2.4. Monitoring the Updating Situation of the Better and Worse Sets
To understand how Cuckoo Search overcomes the premature convergence problem, we closely monitored how the better and worse sets updated during the search process. An update in the better set was considered important when a newly generated solution had a binding affinity with a lower energy than the worst nest in the better set. Similarly, an update in the worse set was considered important when a newly generated solution in the modified DE process had a binding affinity with a lower energy than the worst nest in the better set. Whenever there was an important update, solutions were reranked, and a new and better solution was then included in the better set.
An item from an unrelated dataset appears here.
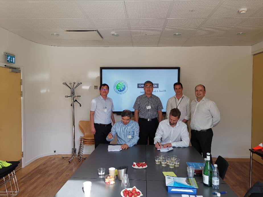 6月24日至25日,何兴元所长一行应丹麦CHR-HANSEN集团邀请,考察了集团位于丹麦Hvidovre的有益菌剂生产基地及植物创新研发中心。期间,何兴元所长介绍了我所基本情况及我所在农业研究领域所取得的主要成果,CHR-HANSEN基地负责人Kim Muller Christensen博士介绍了CHR-HANSEN集团的发展历程及在全球范围的经营情况、科技创新布局等,植物创新研发中心主管Lars Molbak博士介绍了Plant Health Innovation研发中心的基本情况及未来的合作方向。李向楠研究员就其承担的CHR-HANSEN首个中国项目情况进行了介绍。会议中,何兴元所长与CHR-HANSEN集团签署了科技创新合作协议,双方将以合作研究项目为契机,进一步加大科研合作。会后,何兴元所长一行在CHR-HANSEN基地负责人等陪同下考察了CHR-HANSEN有益菌剂生产线。

Figure 4 shows how the docking process for complex 1a30 updates as the algorithm proceeds. The results of two independent runs are displayed. As shown in the figure, both sets (better and worse) update very rapidly in the beginning. However, after a few iterations, no new solutions from the modified DE process are better than those in the better set, so the worse set update line stays flat. In the meantime, the better set nests keep on improving via random walk in local regions until all the better set solutions converge to minima, where the better set update line also stays flat. The breakthrough moment comes when an important worse set update occurs (as indicated by a small red triangle in the figure). This new and better solution found by the modified DE process signals the discovery of a new potential lowenergy region in the search space. The solutions are thus reranked and the new solution is placed in the better set. Once in the better set, exploration around the region of this newly discovered solution is conducted in later iterations, which is shown by the subsequent rapid rise of the better set update line.
2.5. Effect of the Number of Search Agents
We investigated the effect of the number of search agents by running experiments using 4, 8, 16, and 32 search agents. As shown in
Figure 5, the performances of CuckooVina were minimally affected by the number of search agents in terms of binding affinity. On the contrary, the success of PSOVina critically depends on the selected number of search agents, typically, the more the better. In all cases, CuckooVina had smaller error bars than PSOVina, computed from 30 independent runs. This indicates that the docking algorithm of CuckooVina is more robust, and each docking result is more reliable.
2.6. Effect of the Number of Parallel Threads
AutoDock Vina supports the use of multiple threads to perform docking by specifying the exhaustiveness option. Each thread runs an independent ligand pose searching process and the found solutions are pooled together to select the top k results ranked by predicted binding affinities. Consequently, when more threads are used for docking, better solutions can be expected as more searches are performed. Both PSOVina and CuckooVina have inherited this feature from Vina, but, so far, our experiments have been done with a single thread to focus our analysis on the search algorithms. In this section, we describe an investigation on the effect of the number of threads on the docking performances by using 1–10 threads.
As shown in
Figure 6, both PSOVina and CuckooVina performed better with an increased number of threads, as expected. It is worth noting that, even with fewer threads, CuckooVina outperformed in all cases.
3. Materials and Methods
3.1. Cuckoo Search and Differential Evolution
Cuckoo search (CS) is a metaheuristic algorithm based on the parasitic breeding behavior of some cuckoo species. These cuckoos lay eggs in other birds’ nests. When the baby cuckoos hatch, which usually happens earlier than other chicks, they kick the others out of the nest and are then raised alone by the adoptive parents. Like other swarmbased methods, CS solves an optimization problem by maintaining a population of solutions and updating them in an iterative fashion. Here, a nest (or the egg) represents a solution, a cuckoo represents a search agent, and an egginanest represents one of the solutions at the current iteration. The replace and maintain operations in CS were designed to mimic the aggressive behavior of cuckoos following three simple rules:
Each cuckoo lays one egg at a time and dumps it into a random nest (first replace).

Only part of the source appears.